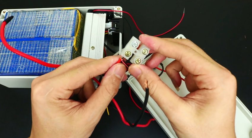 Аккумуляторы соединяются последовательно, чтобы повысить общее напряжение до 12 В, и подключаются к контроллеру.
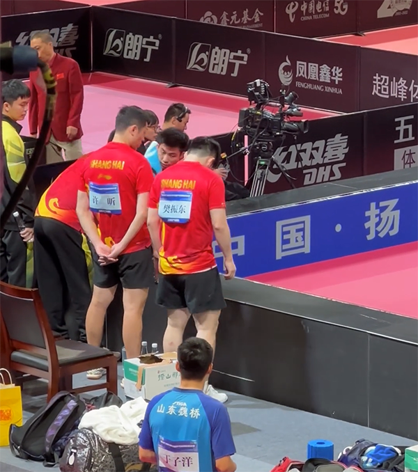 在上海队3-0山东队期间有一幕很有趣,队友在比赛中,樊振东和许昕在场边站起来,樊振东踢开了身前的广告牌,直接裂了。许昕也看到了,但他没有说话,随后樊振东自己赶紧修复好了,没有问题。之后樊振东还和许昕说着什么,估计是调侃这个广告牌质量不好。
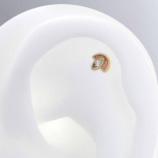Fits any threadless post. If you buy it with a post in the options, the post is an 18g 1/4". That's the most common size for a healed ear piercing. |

● ● ●

Activity:
Write out exactly the lines between the start of the data and the line with "在上海队3-0山东队期间有一", including both, but none of the pictures.

Expected answer:
 Аккумуляторы соединяются последовательно, чтобы повысить общее напряжение до 12 В, и подключаются к контроллеру.
 在上海队3-0山东队期间有一幕很有趣,队友在比赛中,樊振东和许昕在场边站起来,樊振东踢开了身前的广告牌,直接裂了。许昕也看到了,但他没有说话,随后樊振东自己赶紧修复好了,没有问题。之后樊振东还和许昕说着什么,估计是调侃这个广告牌质量不好。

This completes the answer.